# ST-BY en Tda7377



## Ivancithow (Feb 2, 2012)

Hola q Tal Gente fijense q soy nuevo en este foro y kisiera saber si alguien me puede decir como se conecta la terminal No. 7 de este amplificador porq no entiendo q es "ST-BY" Graicas..


----------



## DOSMETROS (Feb 2, 2012)

Stand By , es esperando , on off , como mute . . .

Fijate que el datasheet dice que lleva una resistencia de 10 k en serie y  un capacitor de 10 uF a masa.

Poniendo a positivo o a masa la punta de la resistencia , se enciende o apaga.
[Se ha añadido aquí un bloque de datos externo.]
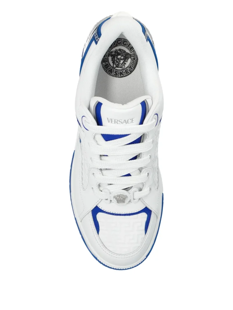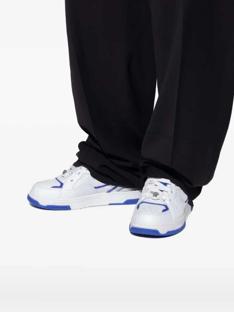 Sneakers Versace Greca pattern alb din piele naturala, detaliu model Greca, talpa cauciuc, inchidere cu sireturi.100% piele

http://www.google.com.ar/url?sa=t&rct=j&q=tda7377+pdf&source=web&cd=1&ved=0CCUQFjAA&url=http%3A%2F%2Fwww.e-ele.net%2FDataSheet%2FTDA7377.pdf&ei=M0srT-H4F8_82gXhwqCPDw&usg=AFQjCNFuJDEH1GH0PCggT6M2EUbGycQ_rA


 Saludos !


----------



## Ivancithow (Feb 2, 2012)

Ok MuChisimasGracias men lo voi a probar con esto q me dijiste por que ya lo habia armado en protoboard pero no salia la señal pero deplano era por eso Ok Muchisimas Gracias.


----------